From the University’s first commencement in 1873 to now, here is a brief glimpse of some KU commencement traditions.
“I think these traditions are special because it unites Jayhawks throughout generations,” said Michael Gray, Buhler senior. “Walking through the Campanile, you’re experiencing something that your parents, and maybe your grandparents, experienced. It unites Jayhawks throughout history.”
From Then to Now
1873 marked the first commencement at the University. Graduates made a procession from “the old building” — the first building ever built on campus, also called Old North College, which sat where Gertrude Sellards Pearson Hall and Corbin Hall sit today — to “the new building,” the second building ever built on campus, then called University Hall and now called Fraser Hall. On the program that day was a prayer, the awarding of the diplomas to the graduating class, music, announcements and a benediction.
Walking Down the Hill
At the University, students don’t ask “are you going to commencement?” said Kathryn Nemeth Tuttle, associate vice provost for student success.
“They say ‘are you going to walk?’” Nemeth Tuttle said. “It has taken on such a symbolic thing in everybody’s mind. There is something very special about it.”
KU Info director Curtis Marsh said Memorial Stadium wasn’t built until 1921, so the walk down the hill couldn’t have occurred before that.

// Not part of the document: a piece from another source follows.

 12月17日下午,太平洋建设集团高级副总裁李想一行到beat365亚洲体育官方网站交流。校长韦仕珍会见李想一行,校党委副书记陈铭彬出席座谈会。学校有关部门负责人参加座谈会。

Nemeth Tuttle said she had seen film of students walking into the stadium from as far back as the 1930s.
“It’s a long established tradition,” Nemeth Tuttle said. “Obviously, the size of the stadium — it’s the only venue of that size, because remember, at that time we didn’t have Allen Fieldhouse. We had Hoch Auditorium, which was somewhat limited in seating, so for thousands of guests the stadium became the only place to really do it.”

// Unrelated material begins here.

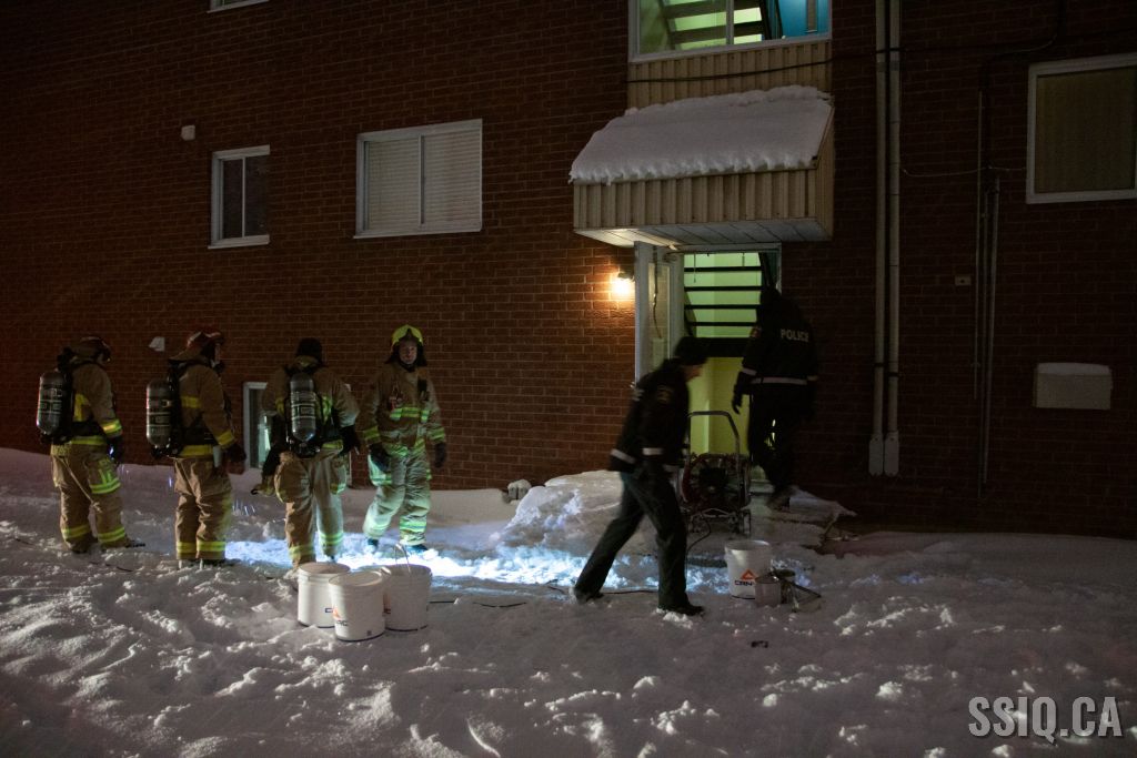 L'appel à la centrale 911 fût logé par une locataire de l'endroit. Les détails mentionnent une forte odeur de solvant dans le bâtiment locatif depuis quelques heures déjà.

Marsh called walking down the hill the primary KU commencement tradition. According to the KU Info Web site, there are two different trails that graduates take down the hill. Going down the west side are students graduating from the College of Liberal Arts and Sciences as well as master’s and Ph.D. students. It takes a graduate about 300 steps to get down the hill. For those taking the second trail down the hill on the east side — students from professional schools — it is a little bit of a longer walk, with about 330 steps to get into the stadium. The difference? Those on the west side have no stairs to combat, while those on the east side start their walk with 28 stairs.
The Campanile Curse
Nemeth Tuttle said the Campanile was constructed in 1950 and that she thought the tradition of walking through the tower began sometime soon after that. She said she couldn’t remember the curse of the Campanile — that if students walk through the tower before commencement they will never graduate — from her undergraduate years in the late 1960s and the early 1970s, and guessed that this tradition started sometime in the 1970s.
Marsh said the curse of the Campanile was one of the University’s traditions that did not have a formal beginning.
“There are a lot of them like this, like waving the wheat,” Marsh said. “There are traditions that are just extraordinarily important to the KU experience that are hard to pinpoint as far as origins.”
The walk through the Campanile — built to honor the 277 students and faculty who died in World War II — is extremely special to graduating students, Nemeth Tuttle said. She remembered her own experience graduating from the University with her doctorate degree in 1996, when much construction was being done around the Campanile. Because of this, she said, graduates were not allowed to walk through the Campanile at commencement.
“This created very bad feelings,” Nemeth Tuttle said. “It’s a great example of a tradition becoming so strong that students got quite upset that they didn’t get to do that.”
Nemeth Tuttle found a way, though — one of her relatives at the time was Baby Jay, she said, and as Baby Jay led her through the crowd, “the seas parted” and she got to walk through the tower after all.
The Importance of Tradition
Nemeth Tuttle said she remembered a story from last year that showed the importance of commencement traditions to graduates. One student graduating from the School of Nursing had a grandfather who graduated from the University decades ago, she said. The student’s grandfather did not have enough money to purchase the graduation regalia back then, so he did not walk down the hill.
“They worked it out so he could go down the hill with her last year,” Nemeth Tuttle said. “It’s a symbol of connectedness — no matter when you graduate, you can connect with it.”
Commencement is especially an occasion to feel connected to the traditions of the University, Marsh said.
“You go to commencement and realize that they have been doing the procession since 1873, and the fact that we hold fast to tradition means, while we’re here, we feel like we’re part of a very big, very special thing,” Marsh said.
He said the tradition of commencement made him feel closer to those who had gone before him and those who would come after him.
“Everyone wants to feel a sense of belonging to something bigger than themselves,” Marsh said. “Having an institution with lots of very special traditions makes you feel as though you’re a part of something much bigger than you.”